Facebook-Like Site FaceGlat To Serve Gender-Segregated Haredi Population
The term “Glatt kosher” doesn’t just refer to meat anymore. It’s now for social networking, too — at a website that is specifically designed to avoid the meat market aspects of the online world. Ynet reports that there is now a Facebook-type site, aimed at the gender-segregated Haredi population, called FaceGlat.
If you are a guy who trolls social networking sites to get a glimpse of some hot babes, or a woman searching for a nice guy to date, then FaceGlat will not be to your taste. Women and men may only sign up for separate sections of the site, and cannot access accounts of anyone of the other gender. It’s a tsnius (modesty) thing.
The brainchild of 25-year-old Yaakov Swisa of Kfar Chabad in Israel, FaceGlat packs loads of filters to block specific words or types of comments, and to prevent men from sneaking into the women’s section or women from peaking over the virtual mechitzah. The site is still in a start-up phase, and Swisa has said that its setup may need to be tweaked “if the website in its current format leads to ‘negative activity,’ as defined by Swisa, or attracts people who don’t even own a Facebook account at the moment,” according to Ynet.
Swisa pointed out that FaceGlat is actually for Facebook users. He is trying to woo Facebook users over to his site, which does not have the type of ads that Swisa and his community consider inappropriate. “I personally know people who have deteriorated spiritually because of all kinds of things they were introduced to there [on Facebook],” he said.
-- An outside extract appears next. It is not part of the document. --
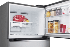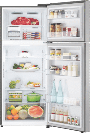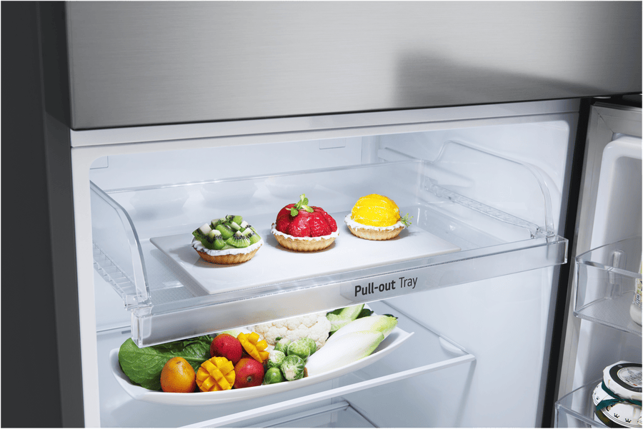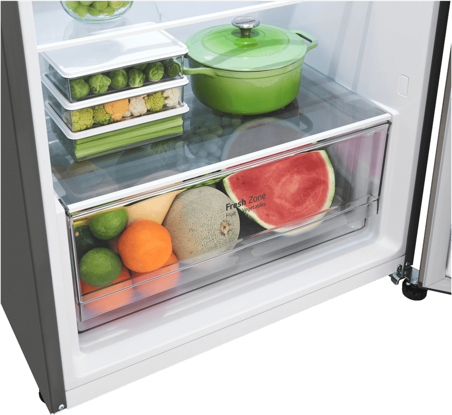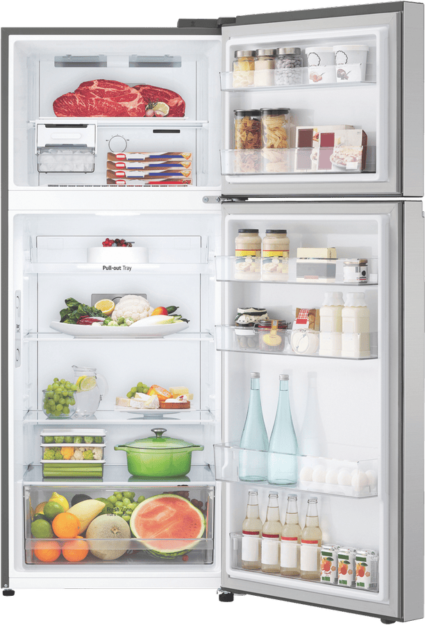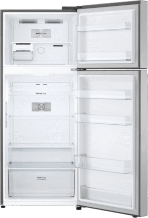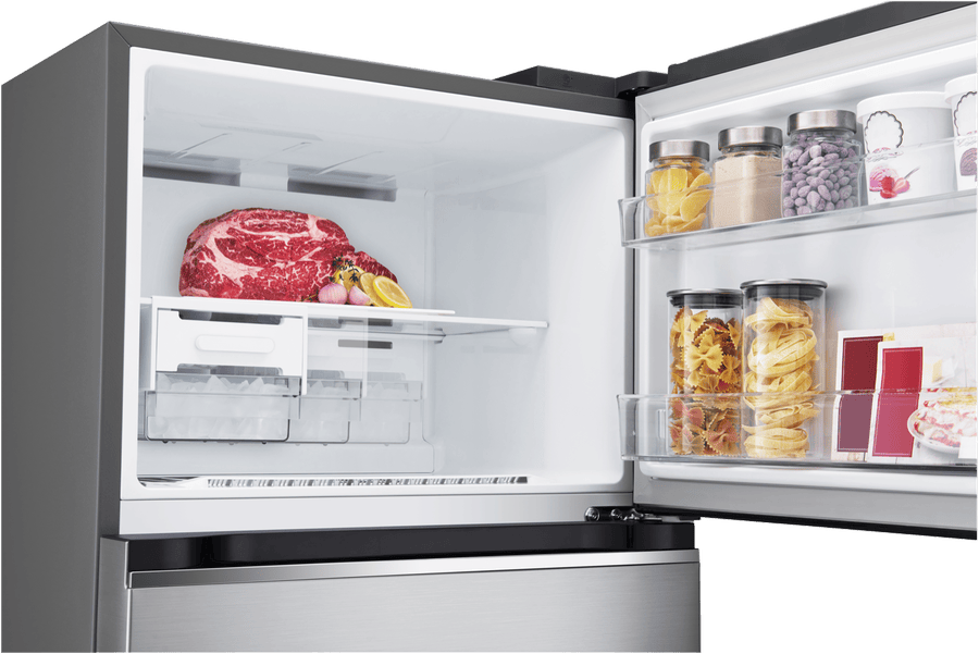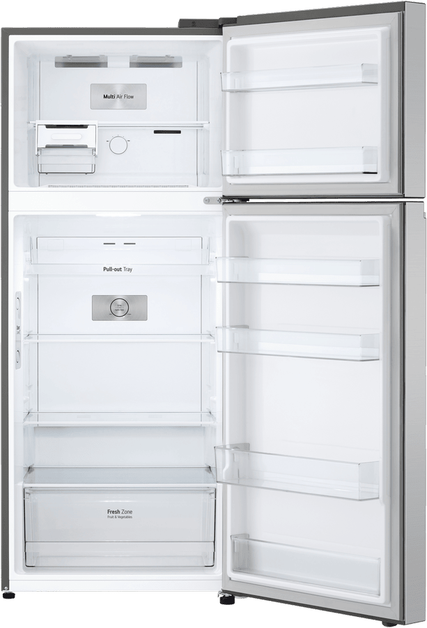 Indulge in spacious and efficient refrigeration with the sleek new 375 litre LG Top Mount Refrigerator. This top mount fridge comes equipped with a generous 375 litre total capacity, with 285 litres dedicated to the fridge compartment and 90 litres for the freezer. The elegant silver finish and hidden hinges add a touch of modern style to your kitchen. Maintain the freshness of fruits, vegetables and more with the multi-airflow system and Fresh Zone crisper drawer. The DoorCooling+ feature prevents temperature fluctuations when the doors are opened frequently. With its right hand hinge and 4 star energy rating, this refrigerator provides trusted cooling performance and energy efficiency. The two year manufacturer’s warranty grants peace of mind. LG has designed this refrigerator for uninterrupted refrigeration and easy maintenance, with a 700mm width, 1720mm height and 680mm depth. Discover how LG’s innovative refrigeration technologies can upgrade your kitchen – check out the LG 375L Top Mount Refrigerator today. The manufacturer’s part number for this product is GT-5S.

Ironically, FaceGlat, a site with a name that could not be any more kosher, is not about making social networking kosher, according to its founder. “We’re not making it kosher, but reducing the prohibition…We want to provide a different, cleaner option for those who are already there. If it encourages people to open accounts or waste their time instead of studying Torah — it’s a failure. It’s not worth a thing. I promised myself that if that happened I would close it down.”
Swisa may mean to be genuine in his sentiments, but the entrepreneur’s statement comes across as bit halfhearted. The success of FaceGlat depends on the ultra-Orthodox community being just as addicted to posting and reading status updates, photos and links as the rest of us.
And the obvious question is whether another Jewish social media entrepreneur (you know, that young guy named Zuckerberg) is going to think that there is something not so kosher about Swisa’s website’s name.